Lot Essay
‘A photograph - unless the art photographers have 'fashioned' it is simply the best picture I can imagine... it is perfect; it does not change; it is absolute, and therefore autonomous and unconditional... This is something that just has to be incorporated into painting' (G. Richter quoted in D. Elger, Gerhard Richter: A Life in Painting, Chicago 2009, p. 49).
Based on Gerhard Richter’s seminal 1989 painting of the same name, Betty, 1991, is one of twenty-five original prints created in a limited run. One of the most iconic and popular of all the artist’s artworks, the painting of Betty was painted from a photograph that Richter took of his 11 year old daughter wearing a red-flowery bath robe as she looks back at one of her father’s grey paintings. In the present work, Richter has taken this method of reproduction one step further by then photographing his painting and reproducing the image as an offset print, effectively blurring the lines between the media and closing the circle of his longstanding exploration into the relationship between painting and photography.

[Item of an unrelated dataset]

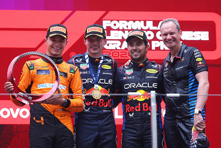 «Макларен» выдал абсолютно максимальный уик-энд: поул для спринта и подиум на неподходящей трассе с постоянным сильным ветром. Команда заранее предупреждала, что ей ничего не светит и даже от «Феррари» могут отстать на полкруга, но мастерская работа в квалификациях и со стратегией позволила Норрису выжить. Только помарка на первом круге в спринте стоила ему двух вторых мест за уик-энд. Заслуженный титул «гонщика дня», это величие – сейчас он перехватывает знамя №2 у Сайнса в пелотоне.

As Richter himself declares, the photograph is an entirely new work with certain intended deviations. Speaking of this process Richter has said ‘In the photograph, I take even more focus out of the painted image, which is already a bit out of focus, and make the picture smoother. I also subtract the materiality, the surface of the painting, and it becomes something different’ (G. Richter, quoted in R. Storr, Gerhard Richter: 40 Years of Painting, New York 2002, p. 291). By then adding a frame and Plexiglas to give the altered photograph greater distance and object character, he imbues the work with its own reality so that somehow ‘It becomes an independent object’ (G. Richter, quoted in R. Storr, Gerhard Richter: 40 Years of Painting, New York 2002, p. 291). The difference between Betty the print and Betty the painting is striking, not in its obvious detail but in its overall presence. The photograph of Betty assumes a naturalness that is, in fact, deceptive insofar as it is the compound result of removing the signs of painterly materiality through both the use of a brush and subsequently the lens.
Richter’s use of photography in his work critically explores the field of reproduction and is also a reaction to the marked rise in the acceptance of photography as an artistic medium and as supposed bearer of truth. He began using photographs as the starting point for his painting in 1962 and since then he has systematically been collecting photographs and newspaper cuttings. Thus emerged Atlas, a compendium of private and public photos, some of which he has used as fictive picture models for his paintings and from where he selected the photograph of Betty for his 1989 painting. Towards the end of the 1960s, Richter began inverting this method of making paintings based on photographs by making photographs based on the paintings that were themselves based on photos, a truly innovative approach to the use of photography within his oeuvre.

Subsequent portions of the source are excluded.